Information supplied: Begin

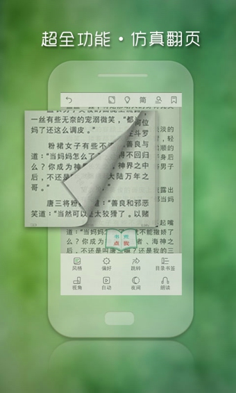 支持多種翻頁(yè)效果(平移、仿真、滾動(dòng)等)。
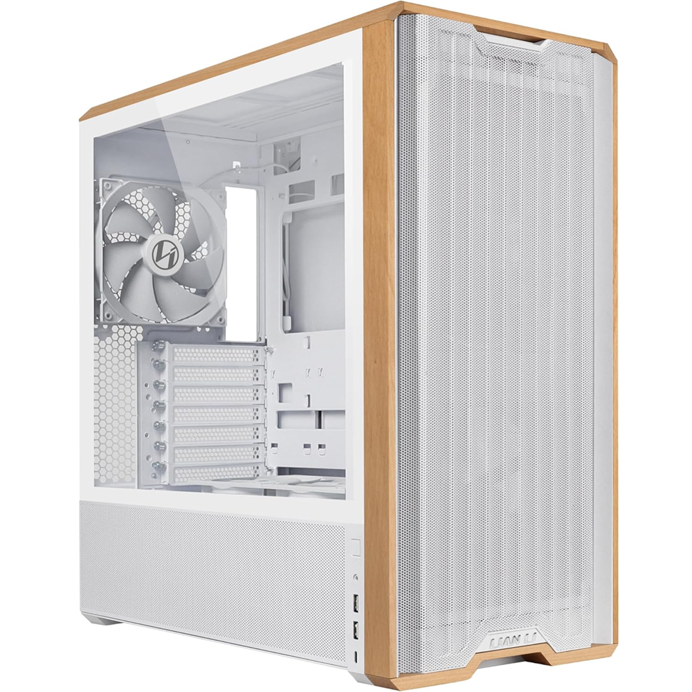 The LANCOOL 217 is a mid-tower case that combines innovative cooling design with real wood accents. It comes pre-installed with five fans, delivering optimized airflow right out of the box. A flexible PSU mounting design makes cable management easier. Available in Black with dark wood accents or White with light wood, it blends natural beauty with high-performance capability.
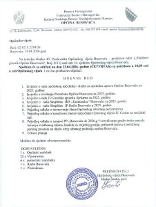 Sjednica će se održati dana 23.04.2026. godine (četvrtak) sa početkom u 10,00 sati, u sali Općinskog vijeća Busovača.
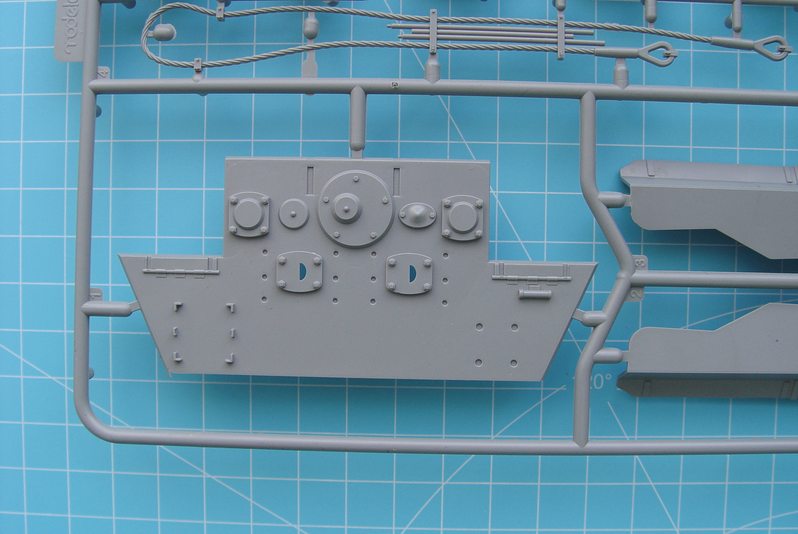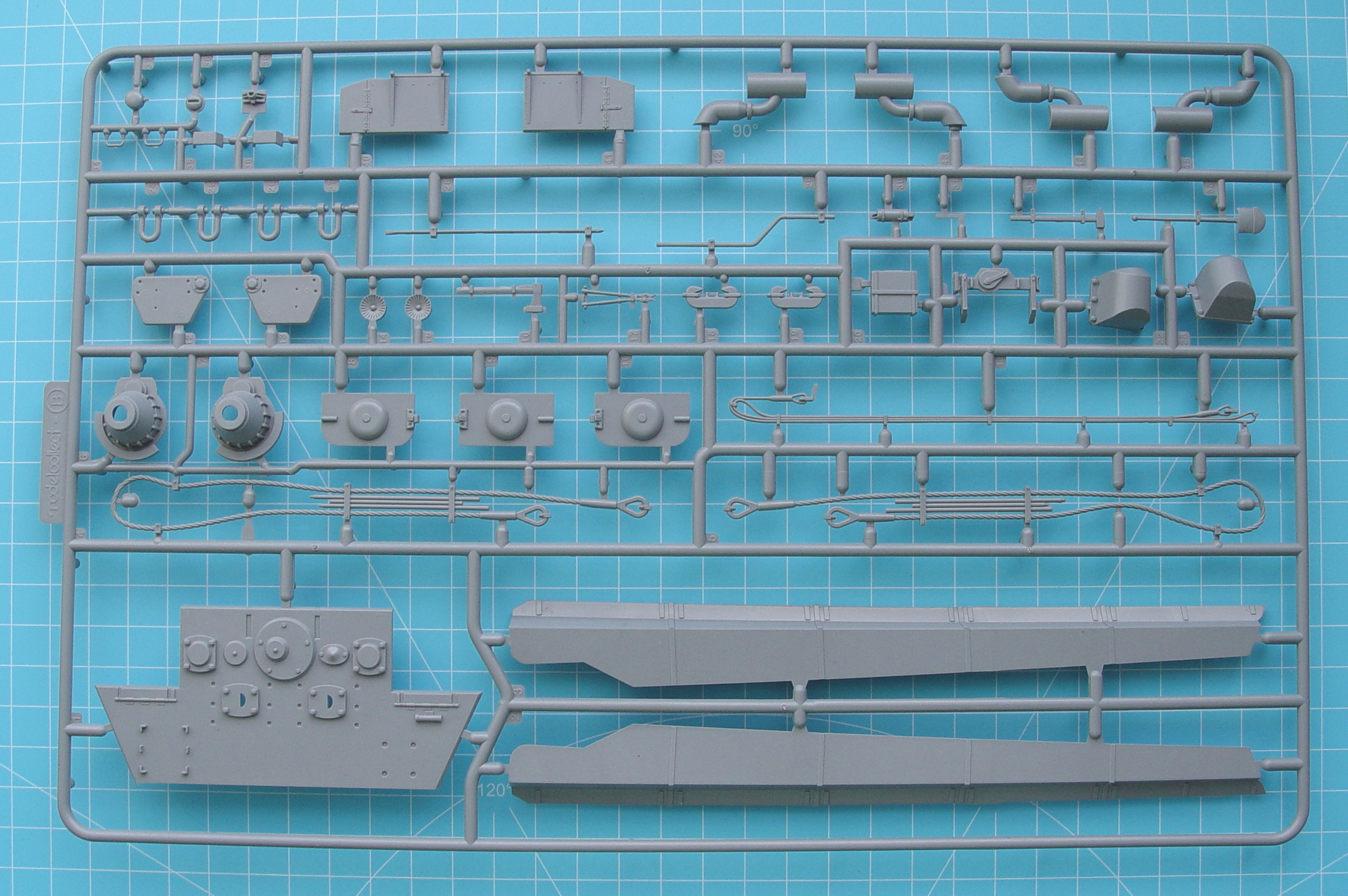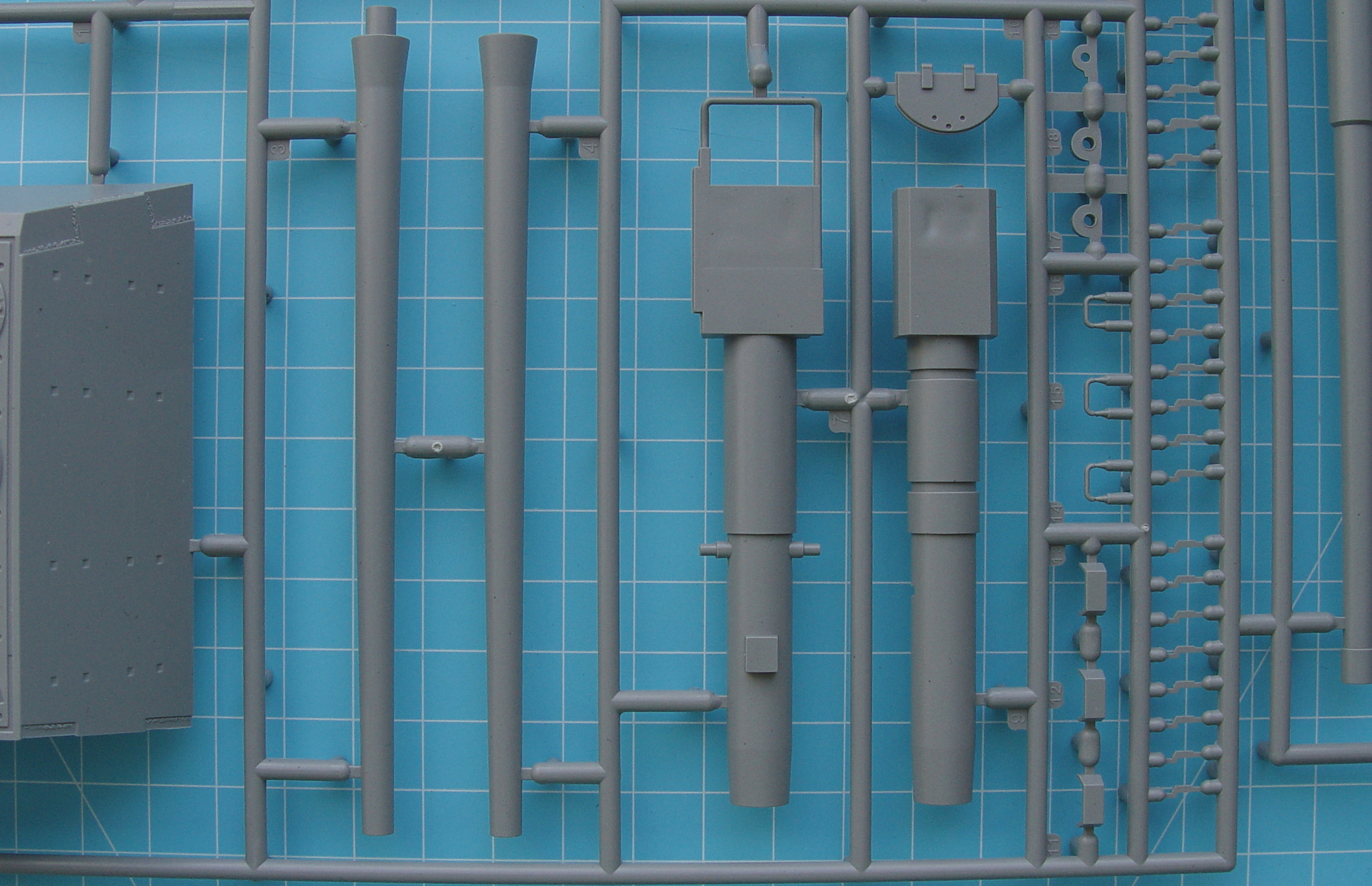 Enthalten sind sechs Spritzrahmen im A4 / A5 Format aus grauen Kunststoff. Die Unterwanne und das Oberteil sind verzugsfrei gestaltet, die Detaillierung ist einfach gehalten.

Information supplied: End

> Try it
All of the listing above must be output exactly, except for its pictures.

> Result for this exercise
 支持多種翻頁(yè)效果(平移、仿真、滾動(dòng)等)。
 The LANCOOL 217 is a mid-tower case that combines innovative cooling design with real wood accents. It comes pre-installed with five fans, delivering optimized airflow right out of the box. A flexible PSU mounting design makes cable management easier. Available in Black with dark wood accents or White with light wood, it blends natural beauty with high-performance capability.
 Sjednica će se održati dana 23.04.2026. godine (četvrtak) sa početkom u 10,00 sati, u sali Općinskog vijeća Busovača.
 Enthalten sind sechs Spritzrahmen im A4 / A5 Format aus grauen Kunststoff. Die Unterwanne und das Oberteil sind verzugsfrei gestaltet, die Detaillierung ist einfach gehalten.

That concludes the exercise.